Now I don’t know about you, but I started getting nervous near the end of the game. A baseball game being played to free Boston from a curse, on a night when there’s a total eclipse of the Moon? I remember watching that ball roll between Bill Buckner’s legs back in ’86. The Curse seemed to be the kind of Murphy’s Law phenomenon that rendered one and all helpless to circumvent it. So a little voice in my head was whispering something like: “Well, maybe if the Red Sox can just get this one under their belts before the eclipse ends, and the moonlight begins to re-emerge, maybe everything will be OK. Funny, they just made it under the wire.
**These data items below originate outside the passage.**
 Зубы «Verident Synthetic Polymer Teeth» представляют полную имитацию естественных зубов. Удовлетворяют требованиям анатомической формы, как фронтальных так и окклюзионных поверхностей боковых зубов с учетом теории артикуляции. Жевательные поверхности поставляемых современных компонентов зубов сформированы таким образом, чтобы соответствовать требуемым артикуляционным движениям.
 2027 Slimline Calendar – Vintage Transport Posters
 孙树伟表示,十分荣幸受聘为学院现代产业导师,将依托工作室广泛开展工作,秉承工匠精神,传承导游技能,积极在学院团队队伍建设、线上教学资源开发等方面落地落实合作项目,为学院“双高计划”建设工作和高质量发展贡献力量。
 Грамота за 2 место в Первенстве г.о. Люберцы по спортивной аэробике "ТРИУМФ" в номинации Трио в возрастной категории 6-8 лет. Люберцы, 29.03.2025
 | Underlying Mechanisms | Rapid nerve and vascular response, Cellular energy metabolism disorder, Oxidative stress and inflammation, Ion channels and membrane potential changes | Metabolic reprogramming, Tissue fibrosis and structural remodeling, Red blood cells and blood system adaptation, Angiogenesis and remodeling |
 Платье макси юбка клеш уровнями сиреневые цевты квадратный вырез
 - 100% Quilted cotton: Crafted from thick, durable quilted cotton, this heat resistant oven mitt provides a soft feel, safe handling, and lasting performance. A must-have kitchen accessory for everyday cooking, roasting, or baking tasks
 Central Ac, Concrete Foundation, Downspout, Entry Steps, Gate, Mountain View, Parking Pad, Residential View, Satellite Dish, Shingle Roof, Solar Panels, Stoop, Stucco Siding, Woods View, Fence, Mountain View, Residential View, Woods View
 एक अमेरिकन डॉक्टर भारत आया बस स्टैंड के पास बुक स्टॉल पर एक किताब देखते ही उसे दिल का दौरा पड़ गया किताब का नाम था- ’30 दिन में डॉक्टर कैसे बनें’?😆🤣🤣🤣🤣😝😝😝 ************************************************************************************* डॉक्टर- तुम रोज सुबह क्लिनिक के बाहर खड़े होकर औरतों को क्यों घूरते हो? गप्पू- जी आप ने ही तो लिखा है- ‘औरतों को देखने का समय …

And I worried that Foulke might have some fateful mishap trying to get the ball to Mientkevicz, had to hold my breath, then, I confess. (I’m reminded, thinking of it, of the end of “Damn Yankees,” when the hero, whose name I’ve long since forgotten, turns back into his slightly fat, out-of-shape, “normal” self, just as he’s about to catch the fly ball that will defeat the Yankees. And, of course, somehow he catches it, anyway. Also a bit reminiscent of the end-of-the-ball scene in Cinderella.)

But the really haunting image, the one that was still with me Thursday morning, was that of young American soldiers cheering as they watched the game on television from their base in Baghdad, in Iraq. In the land of the Dead where the lines between this world and the next evaporate as suddenly, and as easily as a drop of rain above the vast desert. How hungrily they must have watched the heroes on the beautiful green field at Busch Stadium! How lovingly they hung on each pitch in the game that drew each of them back into their own lives, so recently left behind, all they’d come from, all they’d loved, all that loved them so. The game they’d grown up playing, and watching, in which time itself is suspended, and the world without time is poured, drop by delicious drop, into their souls, like some lovely wine, direct from the Elysian fields. How exhilarating the moment, when the ball left Foulke’s right hand, and floated to safety in Mientkevicz’ glove! How quiet, how quiet it became when the cheering stopped. How suddenly the lines come back into focus. The Dead, cheering for the living, always…

I received a lovely postcard the other day from my colleague, and friend, Randall Grahm, of Bonny Doon Vineyards. Randall’s very young and utterly charming little girl is shown reaching for a balloon that is just beyond her grasp. The balloon is the Earth, it’s ribbon just above her outstretched fingers. On the flipside the message is simple: “Don’t Give Up! PLEASE VOTE!” How lucky for us that Tuesday November 2nd, Election Day, is also the Day of the Dead. And they’re cheering for us, they really are. And there are so many of them!